EXERCISE BRIEF –
For the listing that follows, give again exactly the lines from the one with "Big ears, bigger" to the one with "愛知県立一宮商業高校3年生(高校生17名", including both.

RECORD EXCERPTS –
______

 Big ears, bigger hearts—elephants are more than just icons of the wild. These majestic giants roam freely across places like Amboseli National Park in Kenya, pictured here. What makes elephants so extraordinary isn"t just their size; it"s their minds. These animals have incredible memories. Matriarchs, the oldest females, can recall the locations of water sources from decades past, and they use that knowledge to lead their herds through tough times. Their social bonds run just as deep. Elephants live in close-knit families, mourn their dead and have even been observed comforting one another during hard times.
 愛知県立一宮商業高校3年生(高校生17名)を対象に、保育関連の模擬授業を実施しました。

______

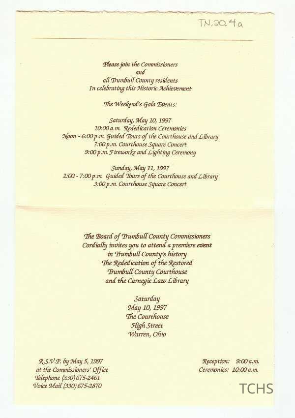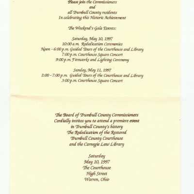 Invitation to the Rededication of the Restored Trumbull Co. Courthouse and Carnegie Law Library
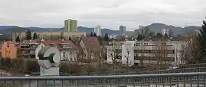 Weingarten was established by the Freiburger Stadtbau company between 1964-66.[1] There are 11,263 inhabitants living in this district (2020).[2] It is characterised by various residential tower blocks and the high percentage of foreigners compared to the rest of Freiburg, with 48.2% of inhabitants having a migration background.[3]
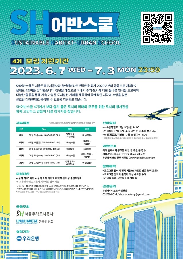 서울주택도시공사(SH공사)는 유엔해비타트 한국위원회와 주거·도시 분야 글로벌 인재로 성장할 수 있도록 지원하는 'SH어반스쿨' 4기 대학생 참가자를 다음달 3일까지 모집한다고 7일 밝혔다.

______

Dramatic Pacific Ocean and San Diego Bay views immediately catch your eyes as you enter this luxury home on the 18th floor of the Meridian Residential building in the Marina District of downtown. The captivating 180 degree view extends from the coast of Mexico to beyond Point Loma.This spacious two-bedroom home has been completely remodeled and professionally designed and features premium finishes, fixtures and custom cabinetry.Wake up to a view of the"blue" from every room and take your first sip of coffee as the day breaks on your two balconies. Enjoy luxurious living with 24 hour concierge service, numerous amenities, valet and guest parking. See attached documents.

______

TASK RESPONSE –
 Big ears, bigger hearts—elephants are more than just icons of the wild. These majestic giants roam freely across places like Amboseli National Park in Kenya, pictured here. What makes elephants so extraordinary isn"t just their size; it"s their minds. These animals have incredible memories. Matriarchs, the oldest females, can recall the locations of water sources from decades past, and they use that knowledge to lead their herds through tough times. Their social bonds run just as deep. Elephants live in close-knit families, mourn their dead and have even been observed comforting one another during hard times.
 愛知県立一宮商業高校3年生(高校生17名)を対象に、保育関連の模擬授業を実施しました。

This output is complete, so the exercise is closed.